Scheidemann, Heinrich - The Art of Heinrich Scheidemann

Verbindungsmann


Label/Verlag: Accent
Detailinformationen zum besprochenen Titel


Heinrich Scheidemann wird als wichtiges Bindeglied musikhistorisch prägender Sphären porträtiert. Le Concert Brisé findet wie erwartet zu einem überaus feinsinnigen Plädoyer für diese Musik.

In der Biografie Heinrich Scheidemanns spiegelt sich große Musikgeschichte: Geboren 1596, wurde er vor allem als gelehriger Schüler Jan Pieterszoon Sweelincks geprägt, bevor er ab 1629 bis zu seinem Tod 1663 als Organist an der Hamburger Katharinenkirche zur seinerseits prägenden Größe wurde – als Lehrer unter anderem von Matthias Weckmann und Johann Adam Reincken. Scheidemann hatte also eine wichtige Scharnierfunktion von der niederländischen Orgelschule in den norddeutschen Orgelbarock hinein, und damit auch zu Dietrich Buxtehude und über Reincken auch zu Johann Sebastian Bach.

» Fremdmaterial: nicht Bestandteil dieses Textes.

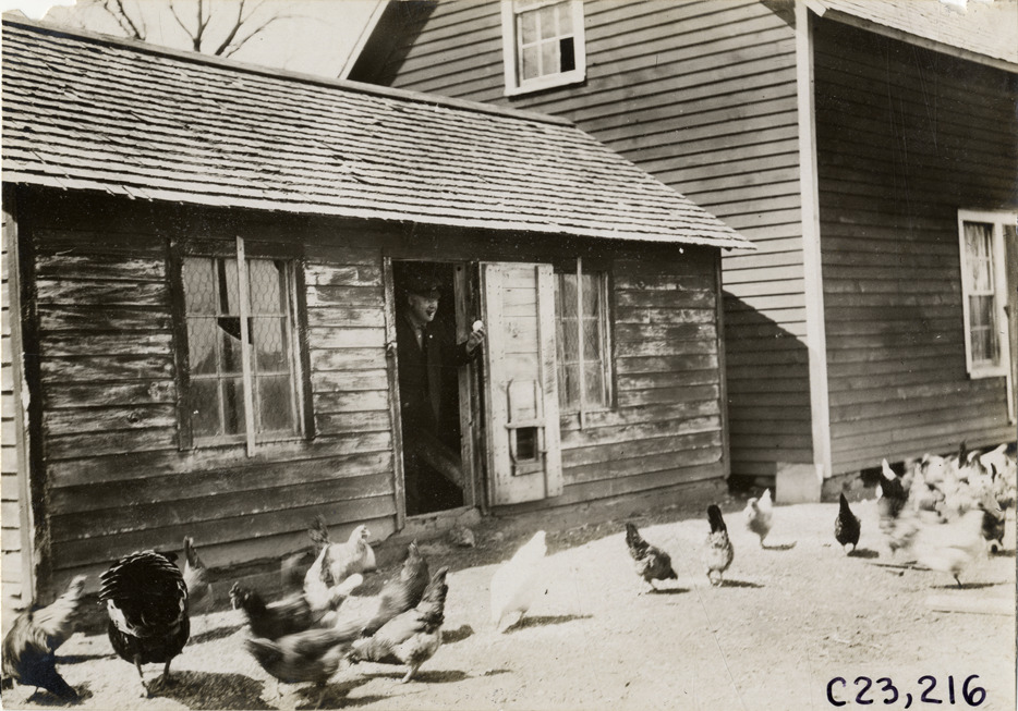 View of man standing in doorway of wooden-frame chicken coop during the pathfinding expedition for the 1909 Glidden Tour. Flock of chickens in foreground. Handwritten on back: "Tours--Glidden Tour Pathfinder, 1909."
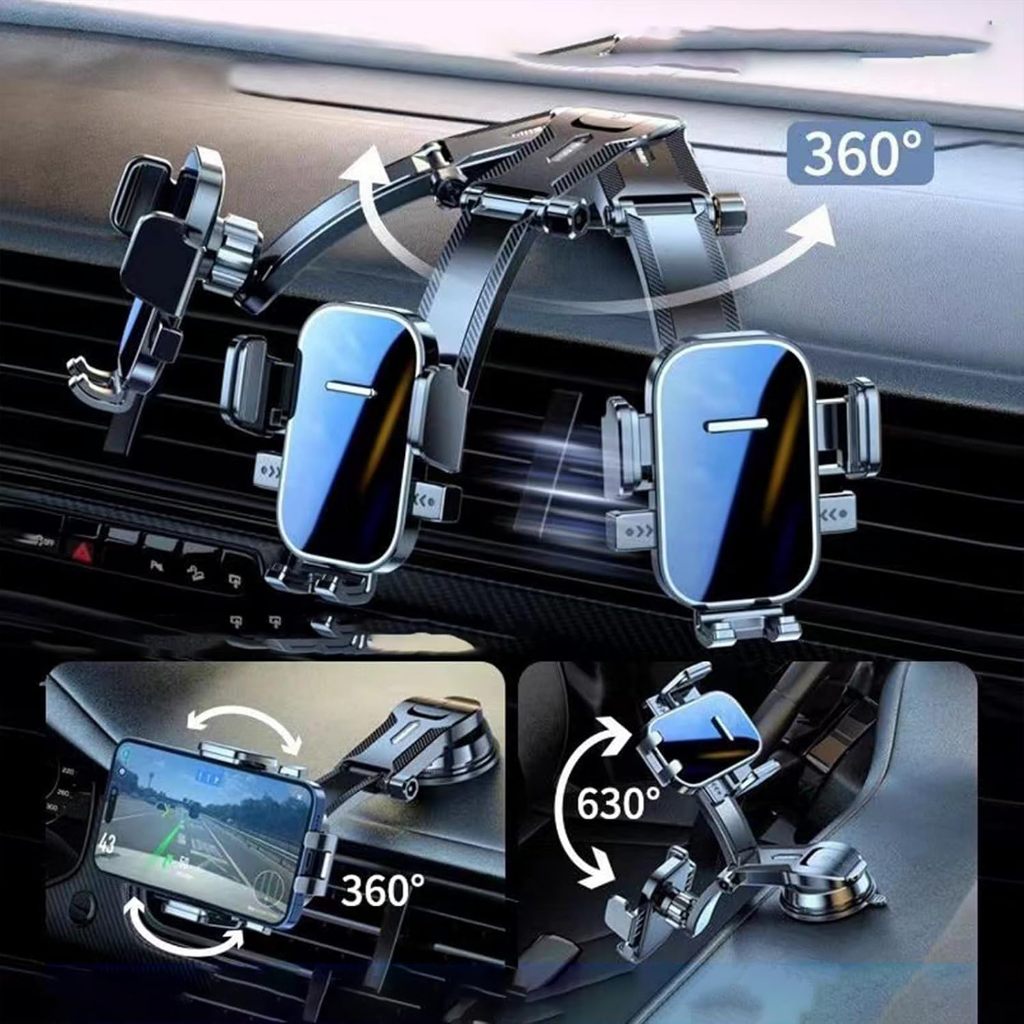 Suporte de Telefone para Carro - Braço Longo, Ventosa Forte, Rotação 360°, Antichoque
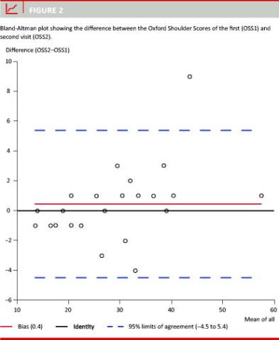 Material and methods: A total of 102 consecutive patients referred to our shoulder unit were recruited for the study. The OSS was translated into Danish according to recommendations presented by Guillemin and co-workers. We established the psychometric properties of the scoring system. Test-retest reliability was assessed by inviting 32 patients to complete another OSS 72 hours after the first test. The Bland-Altman plot was used to show absolute differences between test and retest.
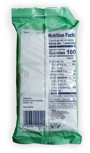 These are really tasty and just enough for a snack. There are 3 small packages in a serving in the pack
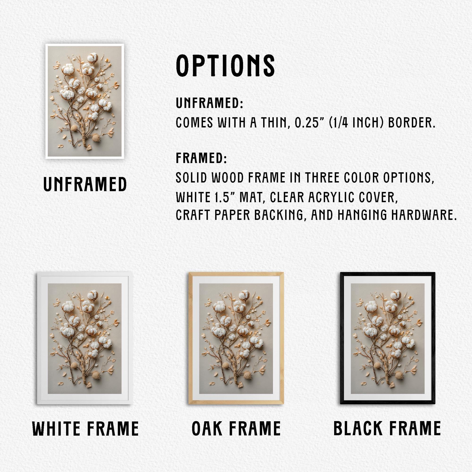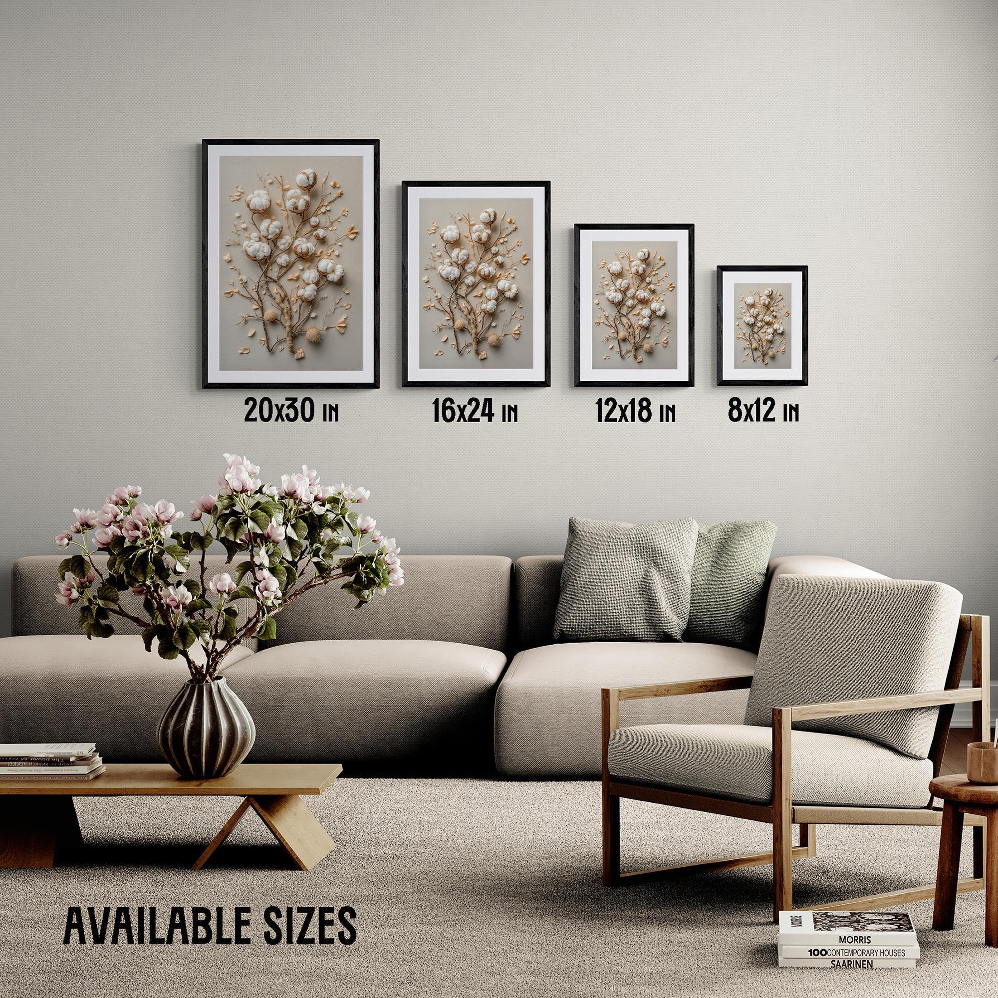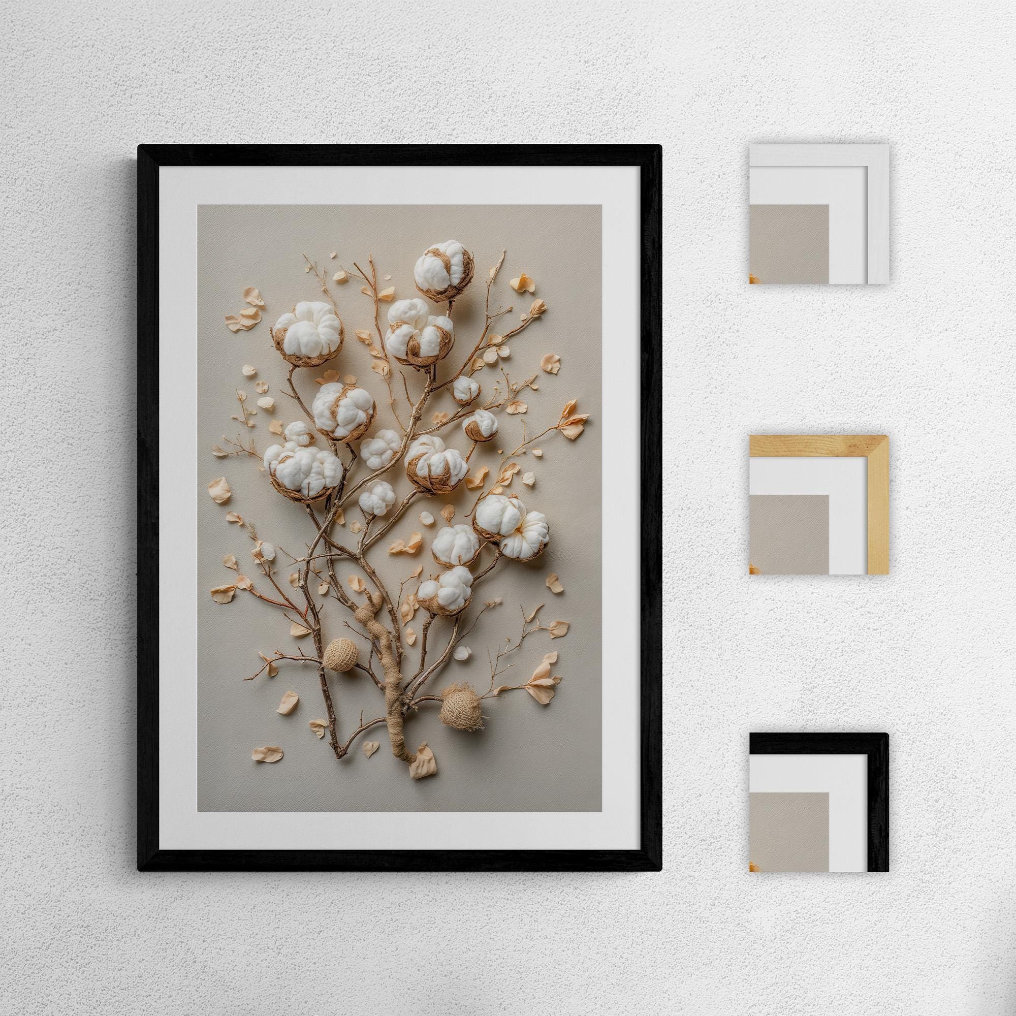 Discover the serene beauty of nature with this cotton flower botanical print, designed to bring a calm, minimalist vibe to your space. Inspired by Japandi decor art, this piece combines neutral floral print tones and a subtle faux texture poster effect that adds depth and warmth without overwhelming your room. Perfect for enhancing beige room decor or creating a soft wall decor statement, itβs an ideal choice for nature lovers seeking modern floral art with a 3D look.

Mithin: Scheidemann ist schwerlich zu unterschätzen, auch wenn sein hinterlassenes Werk das typische eines Organisten der Zeit ist – also in der musikalischen Ästhetik der gelegentlichen Fixierung vergänglicher improvisatorischer Ideen verankert. Ein Großteil seines schöpferischen Werks ist demnach verloren. Das Überlieferte ist weitgehend der Sphäre der Diminution zuzuordnen. Diese Sätze wirken wie im Moment des Spiels entstanden, oft italienische Traditionen aufgreifend, zum Beispiel in Vorlagen von Hassler, Bassano oder di Lasso, dazu kommen lutherische Choräle, die Scheidemann im Kontrast zur Gemeindeversion mit kunstfertigen Umspielungen versah; auch eine englische, vermutlich von Sweelinck tradierte Linie ist zu beobachten, etwa mit einer Ausdeutung der ‚Pavane lachrymae‘ von John Dowland.

Interpretatorische Feingeister

Diese Art der Musik fordert jeden Instrumentalisten, jedes Ensemble der Gegenwart dazu heraus, klingende Kunst neu zu schaffen, eine Fülle von Entscheidungen zu treffen, Besetzung und Organisation der Musik betreffend. Le Concert Brisé, für die Anforderungen des jeweiligen Programms immer wieder neu zusammengestellt vom Zinkenisten William Dongois, ist so eine hocherfahrene Formation: Stilistisch, technisch, in Sachen Repertoirekunde ist das überaus souverän, was Dongois auf verschiedenen Zinken, Alice Julien-Laferrière auf der Violine, Odile Bernard auf der Blockflöte und Jean-Christophe Leclere auf der Orgel da bieten. Auch das virtuos Fordernde wird mit beiläufiger Gelassenheit gespielt, in einer Präsentation ohne Überdruck, die das Bewegte bei aller Intensität der kleinteiligen Bewegung nicht in den Vordergrund stellt, sondern in den musikalischen Kontext großer Bögen einbindet, es zwingend aus der Substanz heraus entwickelt. Diminution wirkt schlüssig entfaltet, ist nie eitler Selbstzweck. Das kommt der Ästhetik dieser Musik sehr nah.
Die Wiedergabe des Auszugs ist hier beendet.